- _Source material_
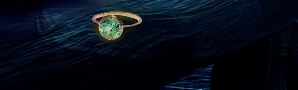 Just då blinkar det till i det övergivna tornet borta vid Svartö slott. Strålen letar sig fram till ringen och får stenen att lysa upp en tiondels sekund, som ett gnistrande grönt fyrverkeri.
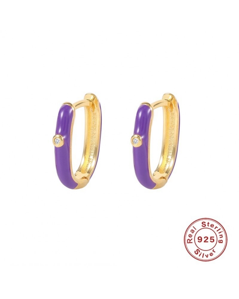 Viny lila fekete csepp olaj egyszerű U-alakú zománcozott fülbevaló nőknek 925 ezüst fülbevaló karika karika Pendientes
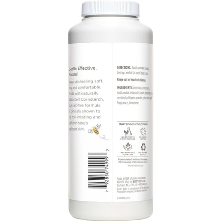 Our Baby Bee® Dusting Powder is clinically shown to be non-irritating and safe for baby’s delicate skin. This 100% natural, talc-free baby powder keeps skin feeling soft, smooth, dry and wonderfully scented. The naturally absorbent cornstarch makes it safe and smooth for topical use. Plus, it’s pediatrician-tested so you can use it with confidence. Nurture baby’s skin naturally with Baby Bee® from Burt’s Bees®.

- _Your objective_
Output the lines above verbatim, images excluded.

- _Answer below_
 Just då blinkar det till i det övergivna tornet borta vid Svartö slott. Strålen letar sig fram till ringen och får stenen att lysa upp en tiondels sekund, som ett gnistrande grönt fyrverkeri.
 Viny lila fekete csepp olaj egyszerű U-alakú zománcozott fülbevaló nőknek 925 ezüst fülbevaló karika karika Pendientes
 Our Baby Bee® Dusting Powder is clinically shown to be non-irritating and safe for baby’s delicate skin. This 100% natural, talc-free baby powder keeps skin feeling soft, smooth, dry and wonderfully scented. The naturally absorbent cornstarch makes it safe and smooth for topical use. Plus, it’s pediatrician-tested so you can use it with confidence. Nurture baby’s skin naturally with Baby Bee® from Burt’s Bees®.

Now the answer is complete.